Give again only the lines from the line that holds "當日,中老鐵路開(kāi)行" to the end of the data, inclusive, omitting all pictures.

[Items listed in a dataset]
┏━━

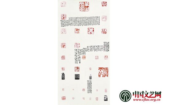 本次展览,集中体现了书法篆刻院研究员队伍近一年来艺术探索的轨迹、体现了他们的艺术状态,一共展出作品200余幅。总的来说,展览作品在坚持书法篆刻的本体性的同时,探索书法篆刻与美术的相互作用与影响,探索书法篆刻的多元化和当代性。这些作品深入研究传统,在传统中熔铸了大气磅礴的时代精神,以丰沛的才情、浑厚的格调,抒写出时代的旋律。骨子里流淌着的是时代的使命感与责任感,恢弘着传统的精意,追寻着自己的书法“中国梦”,为书法盛世的到来,贡献着自己的力量。
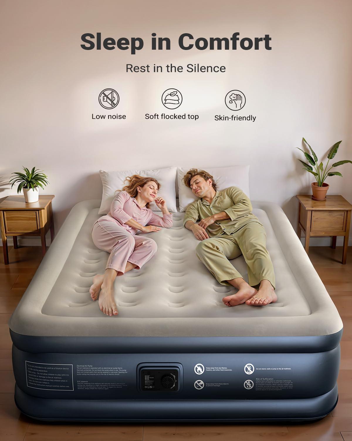 Fast Inflation/Deflation: Are you still troubled by manually inflating? Our inflatable mattress queen, equipped with a built-in electric pump, would be inflated/deflated within 3 minutes, fast and easy
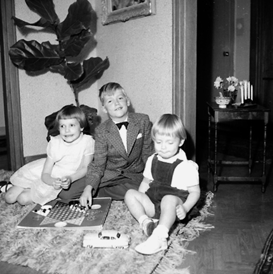 Rumsinteriör, tre barn.
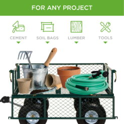Best Choice Products Heavy-Duty Steel Garden Wagon Lawn Utility Cart w/ 400lb Capacity, Removable Sides, Handle – Green
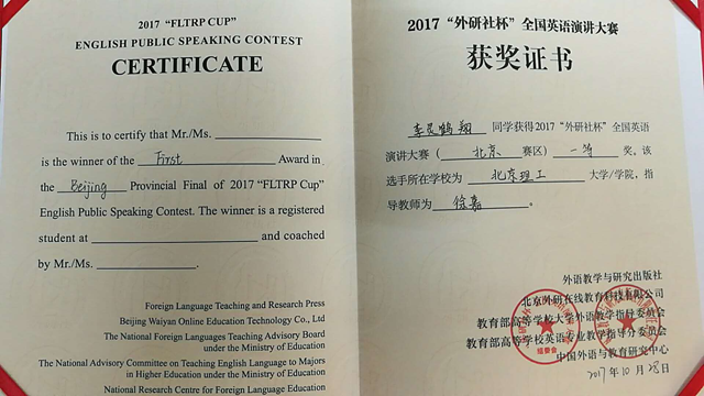 日前,2017年“外研社”杯全国英语演讲比赛北京赛区的决赛在北京林业大学举行,开云kaiyun官网选送校内选拔赛特等奖选手李灵鹤翔和指导教师外国语学院徐嘉老师前往参赛。经过三个小时的激烈比拼,北理工选手李灵鹤翔喜获北京赛区一等奖。
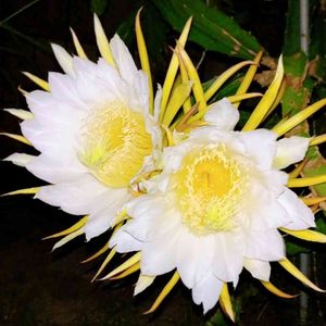 ドラゴンフルーツの花。2つ並んで仲良く咲いています。今夜は少~しだけ風が吹いてるので良い香りが漂っています(*´ `)
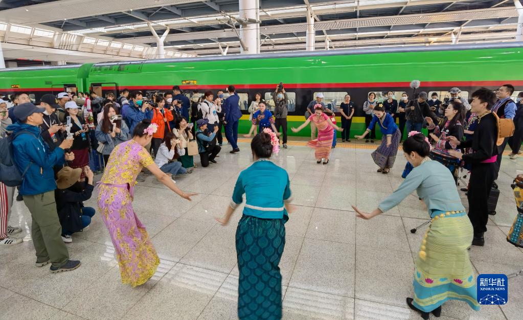當日,中老鐵路開(kāi)行國際旅客列車(chē),昆明至萬(wàn)象間可實(shí)現乘火車(chē)當日通達。
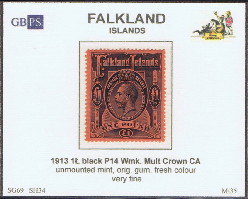 FALKLAND 1912-1920 SG69 1L black (SH34) WMCCA
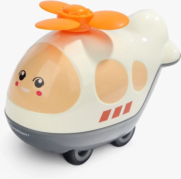 Der Kunststoff-Helikopter mit Rädern hat an der Unterseite einen aufklappbaren Deckel, sodass Kinder das gesamte Puzzle oder ihre kleinen Schätze darin verstauen können.
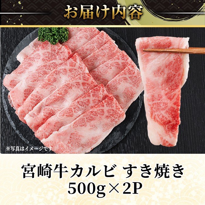 宮崎牛 カルビカット すき焼き (計1kg・500g×2) すき焼き お肉 …

┗━━

→ RESPONSE BELOW
當日,中老鐵路開(kāi)行國際旅客列車(chē),昆明至萬(wàn)象間可實(shí)現乘火車(chē)當日通達。
 FALKLAND 1912-1920 SG69 1L black (SH34) WMCCA
 Der Kunststoff-Helikopter mit Rädern hat an der Unterseite einen aufklappbaren Deckel, sodass Kinder das gesamte Puzzle oder ihre kleinen Schätze darin verstauen können.
 宮崎牛 カルビカット すき焼き (計1kg・500g×2) すき焼き お肉 …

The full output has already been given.